Member of the Eastern Cape Provincial Legislature
- Incumbent
- Assumed office 21 May 2014

Personal details
- Citizenship: South Africa
- Party: African National Congress
- Other political affiliations: Congress of South African Trade Unions; South African Communist Party;

= Mpumelelo Saziwa =

South African politician

Mpumelelo Saziwa is a South African politician and trade unionist who has represented the African National Congress (ANC) in the Eastern Cape Provincial Legislature since 2014. He also serves as the Deputy Provincial Chairperson of the South African Communist Party (SACP) in the Eastern Cape and he was formerly the Provincial Chairperson of the Congress of South African Trade Unions (Cosatu).

== Political career ==
Saziwa was formerly the Deputy Provincial Chairperson and then the Provincial Chairperson of Cosatu in the Eastern Cape; he represented the South African Democratic Teachers' Union in the congress.

In the 2014 general election, while he was still serving as Cosatu provincial chair, Saziwa was elected to an ANC seat in the Eastern Cape Provincial Legislature, ranked 40th on the ANC's provincial party list.

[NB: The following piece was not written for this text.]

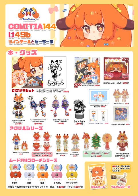 ⭐️コミティア144お品書き⭐️ができました~~!! スペースは【け49b】となります! 新作はポスカ以外はないですが、 コミケ101の既刊と準新作のグッズ持っていきます~!! もしよければ遊びに来てください~~☺️ お待ちしております🥺!! #COMITIA144 #コミティア144 #コミティア144お品書き

He was re-elected to the provincial legislature in the 2019 general election, ranked 33rd. After the 2019 election, he was also elected to chair the legislature's Portfolio Committee on Education.

Saziwa is also the Deputy Provincial Chairperson of the SACP in the Eastern Cape, serving under Provincial Chairperson Mzoleli Mrara; he was re-elected unopposed to that position in June 2022.